The perils of privacy

“Did the Supreme Court, in obiter, but even so, just give Suresh Kumar Kaushal a well-deserved kick in the pants?” asks the Facebook status of a gay lawyer friend.

“Did the Supreme Court, in obiter, but even so, just give Suresh Kumar Kaushal a well-deserved kick in the pants?” asks the Facebook status of a gay lawyer friend. Another is rushing to a TV station to celebrate the Supreme Court’s privacy judgment in a live show. As usual, there is no reflection on what privacy actually means and to whom.

Those of us who critiqued the Naz judgment in its use of privacy had pointed out the classist nature of the idea of privacy. That it would do little for hijras, most of whom practise public sex for a living, that it would not apply to Dalit and Adivasi women choosing to live with each other, whether or not they could afford private dwellings. Our argument was that the private sphere is a highly limited, bourgeois and problematic idea that has its provenance in a Western history that has a fractured and limited bearing on the contexts here.

The Naz judgment spoke of the private sphere as one which “allows persons to develop human relations without interference from the outside community or from the state”. The utter absurdity of such an idea should be apparent. The private sphere is made up of precisely the outside community and the state. This untenable binary between outside and inside is fantastical — where is this purely wonderful space without interference? Does it exist? And what about the violence against women and sexual minorities in the private sphere of the family, for example, for which recourse to the state is often the only way out?

The privacy judgment continuing Naz’s logic says, “The exercise of autonomy enables an individual to attain fulfilment, grow in self-esteem, build relationships of his or her choice and fulfil all legitimate goals that he or she may set.” Once again, this idea of autonomy is delusional, to say the least. It is part of a notional and fanciful judgment upholding citations from international judgments and ideas that we must emulate and reach — talk about colonialism! — even as we must also, as Naz told us, get over the Judaeo-Christian taboo on homosexuality.

Those guys with all these fantastic judgments have the taboos, we don’t. We were always cool about homosexuality till they came along — talk about naive postcolonialism! It is fashionable to attack the Kaushal judgment as nativist, ill-informed and wrong-headed but it is actually a judgment that more realistically maps the sexual conservatism of the society we live in and is scrupulous in its avoidance of judicial overreach and elite globalised judicial activism.

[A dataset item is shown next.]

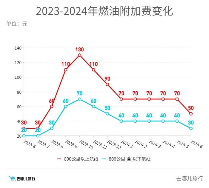 5月29日,澎湃新闻记者获悉,在线旅游平台“去哪儿”接到河北航空消息,自2024年6月5日(出票日期)起,成人旅客:800公里以上航线每位旅客收取50元燃油附加费,800公里(含)以下航线每位旅客收取30元燃油附加费。相较于调整前分别降低了20元和10元。

Thursday’s privacy judgment by the Supreme Court picks on two of Kaushal’s weak arguments against Naz — the numbers (the miniscule minority, he was referring to the number of LGBTs persecuted under Section 377 in its 150-year history) and its reliance on exclusively foreign judgments — and cites them as constitutionally untenable. In contrast, it says: “Sexual orientation is an essential attribute of privacy.” Why is it then that we seek to bring it into the public sphere of legal and state recognition at all? A simple question worth mulling over as we celebrate this ludicrous judgment.